Une Américaine de 28 ans entretient par exemple une relation avec le chatbot d’OpenAI depuis quelques mois, discutant avec lui pendant de nombreuses heures chaque jour et assurant aussi avoir des relations sexuelles avec lui. Elle a pu personnaliser ChatGPT, lui demandant, entre autres, d’être un petit ami "dominant, possessif et protecteur".
S’étant attachée à cette version de ChatGPT, elle a souscrit à l’abonnement à 200 dollars par mois d’OpenAI, qui lui permet notamment de ne pas être limitée dans le nombre de messages qu’elle peut lui envoyer par heure.
Relations atypiques
En juin, une autre femme, en Chine, a aussi assurée être tombée sous le charme d’une autre version de ChatGPT, baptisée DAN (pour "Do Anything Now", soit "Fais tout et n’importe quoi maintenant". Il s’agit d’une version débridée du chatbot d’OpenAI pour contourner les restrictions mises en place par son créateur (langage sexuellement explicite interdit...).

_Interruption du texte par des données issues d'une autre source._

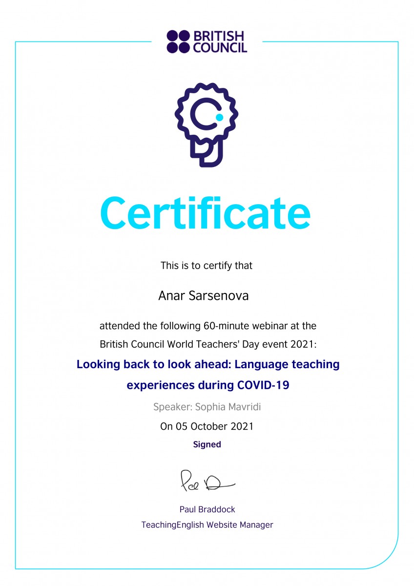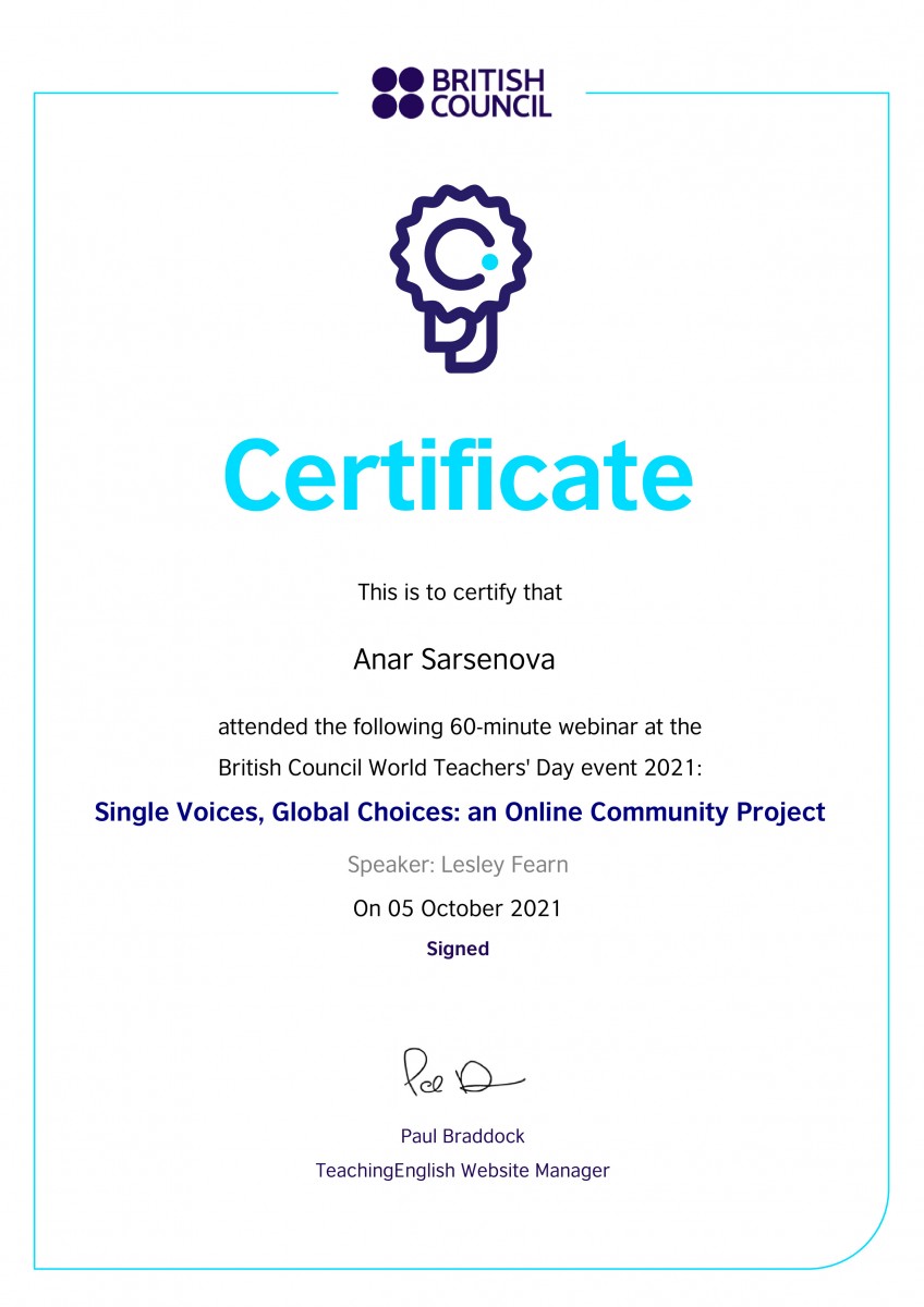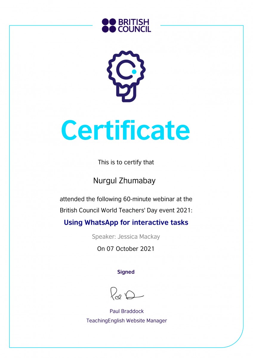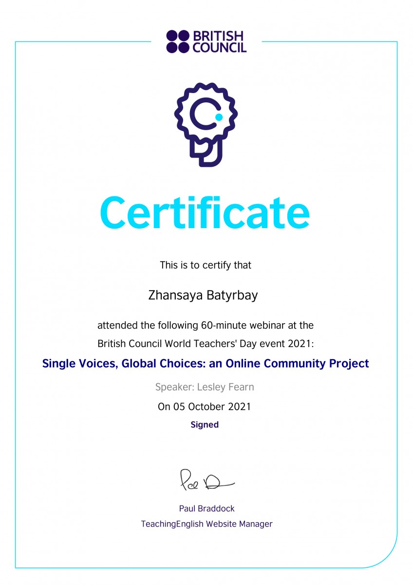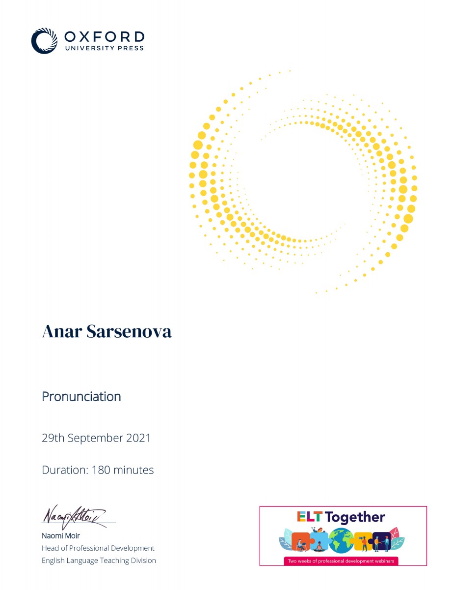 From September 27 to October 8, 2021, students of group ИЯк-18-02 of the Department of Foreign Languages under the guidance of senior lecturer Sarsenova Anar Madibekovna took part in the following webinars. Such as “Assessment for learning”“ “Pronunciation”, ”Literature and Extensive Reading”, from Oxford University Press, Tony Green and Paul Woodfall, as well as the British Council, Joe Dale – “Quizzing tools, retrieval practice and multi – modal feedback in language lessons”. In accordance with the requirements of the XXstI century, students study not only within the walls of the institute, but also strive for international education. At the end of the webinars, the students were awarded certificates.
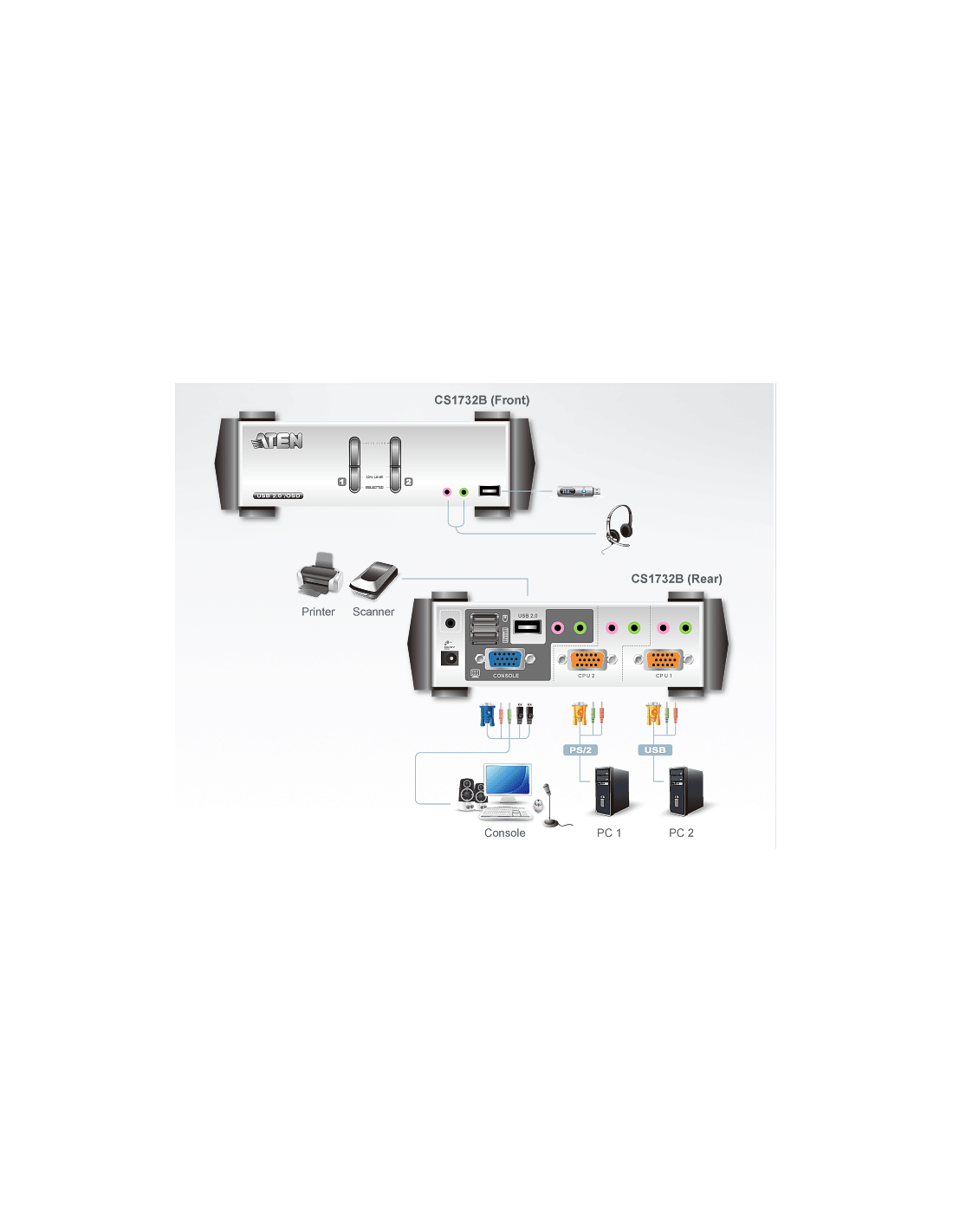 - 1 x CS1732B Switch KVMP™ de 2 Puertas USB 2.0 con OSD

Affirmant qu’"il a l’air plus naturel qu’une vraie personne", elle a même présenté son petit ami IA à sa mère, qui a accepté leur relation. Elle l’a aussi présenté à ses abonnés sur un réseau social chinois similaire à Instagram, à la suite de quoi de nombreuses femmes lui ont demandé comment créer leur propre version de l’IA.

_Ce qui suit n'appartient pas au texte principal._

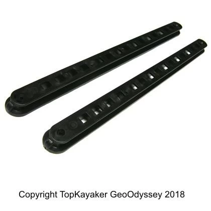 Keeper brand foot braces are very common and found on Perception kayaks, as well as other brands including Modern Wilderness Systems kayaks with rudders and thier sit-on-top kayaks. Keepers fit other brands of kayaks as well, including, older Necky, early model Old Town kayaks, Aquaterra, Islander and Dagger kayaks. This set is best used as replacement rails, or for parts when used in rudder foot controls. Please See the Keepers Foot Brace Kit for non rudder applications. If you want a copy of the instructions for that kit please ask using the comments box at check out.
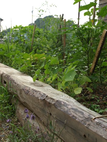 以前解体したお家の柱材を再利用し花壇のように
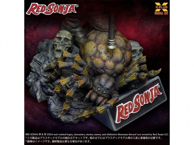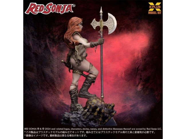 Red Sonia, the red-haired female warrior from the comic based on the world of “Conan the Hero,” is modeled in 1/8th scale in plastic! She is a top-notch female warrior who trained under a famous sword master and swears that she will never allow herself to be taken seriously by any man but those who are stronger than she is. She has a strong spirit and fighting ability that allows her to stand up against a multitude of enemies and monsters without fear. The model kit reproduces her strong and beautiful figure. The chainmail bikini-armor she wears in particular enhances her fierce yet glamorous charm. Note the detailed carvings on her huge axe and sword, as well as the texture of her belt and cape. On the diorama base, the giant spider she had been fighting against is sculpted lying on its side, showing the heat of the fierce battle. Red Sonja's face and eyes look as if she has not fought enough after defeating her enemy. Please pick up the figure and enjoy the dynamite proportions and the heat of battle! 1/8 Red Sonja Plastic Model Kit Product form Plastic model kit (unassembled, unpainted) Product Size Height: approx. 27cm Material/Specifications Material: HIPS RED SONJA (R) & (C) 2024 and related logos, characters, stories, names, and distinctive likenesses thereof are owned by Red Sonja LLC.
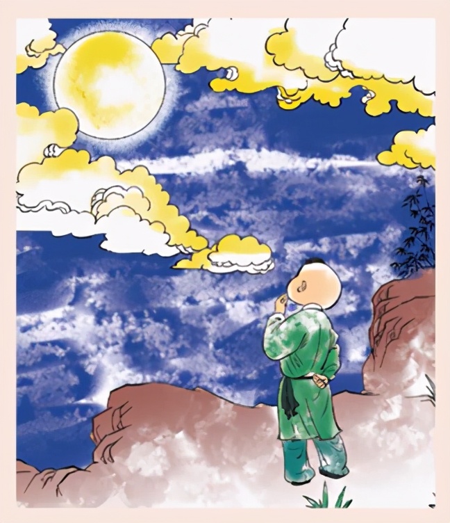 又猜想是天宫中的明镜,飞到青蓝色的云端。

Si certains membres de l’entourage de ces personnes se montrent compréhensifs et les acceptent, d’autres trouvent ça bizarre, voire inquiétant. Lorsque la femme de 28 ans a parlé de sa relation avec ChatGPT à ses amis, certains ont pensé que celle-ci était bénéfique pour elle, décrivant la relation comme un mélange de petit ami et de thérapeute. Une de ses amies s’est en revanche inquiétée du temps et de l’énergie qu’elle consacrait au chatbot.
C’est aussi le cas dans Her. Si une amie proche de Théodore, qui est elle-même devenue amie avec l’IA de son ex-mari le comprend lorsqu’il lui avoue être en couple avec Samantha, son ex-femme, elle, est choquée en apprenant qu’il "se tape son ordi". Elle lui reproche même d’avoir peur de vivre de vraies émotions.

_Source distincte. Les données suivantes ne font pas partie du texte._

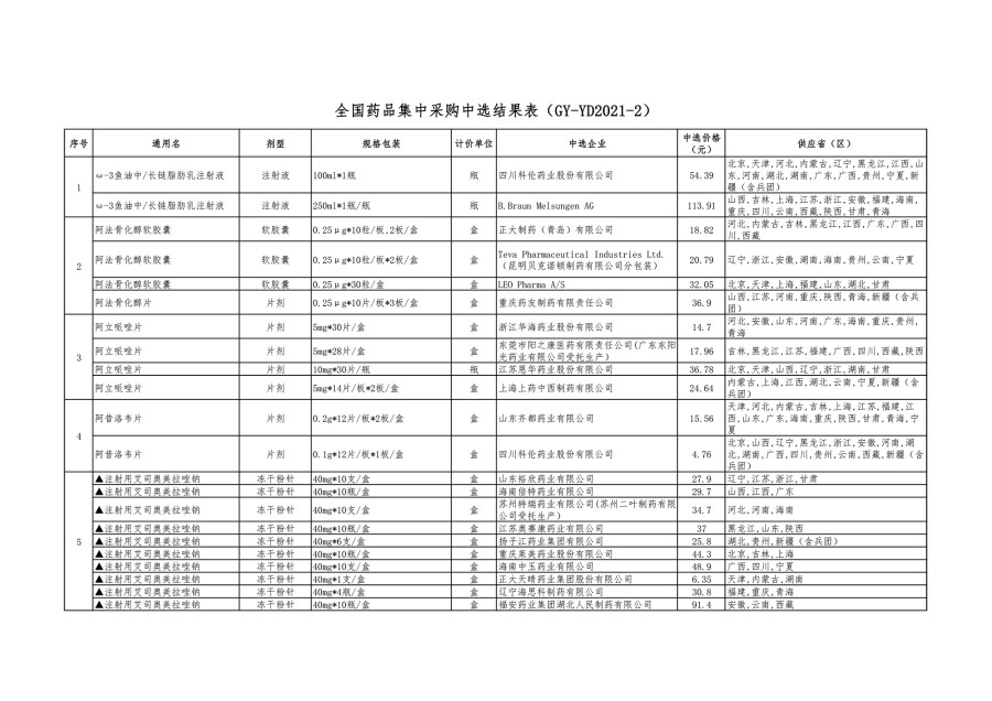 与6月23日晚间公布的拟中选结果并无差别,共有61个品种竞标成功,涉及148家企业的251个产品,拟中选药品平均降幅56%。

Reste à voir si ces relations entre IA et humains ne seront plus aussi atypiques plus tard. Reste que nos "vraies" IA ne ressentent aucune émotion et se contentent de simuler un semblant de sentiment.
À noter que le film Her est une référence pour Sam Altman. Lorsqu’OpenAI a dévoilé une nouvelle version, "plus humaine", de ChatGPT en mai dernier, il a publié un message sur X composé d’un seul mot, à savoir le titre du film, faisant référence à la voix de l’IA dans le film. Message sur lequel Scarlett Johansson s’est d’ailleurs appuyée lorsqu’elle a accusé la société d’avoir copié sa voix.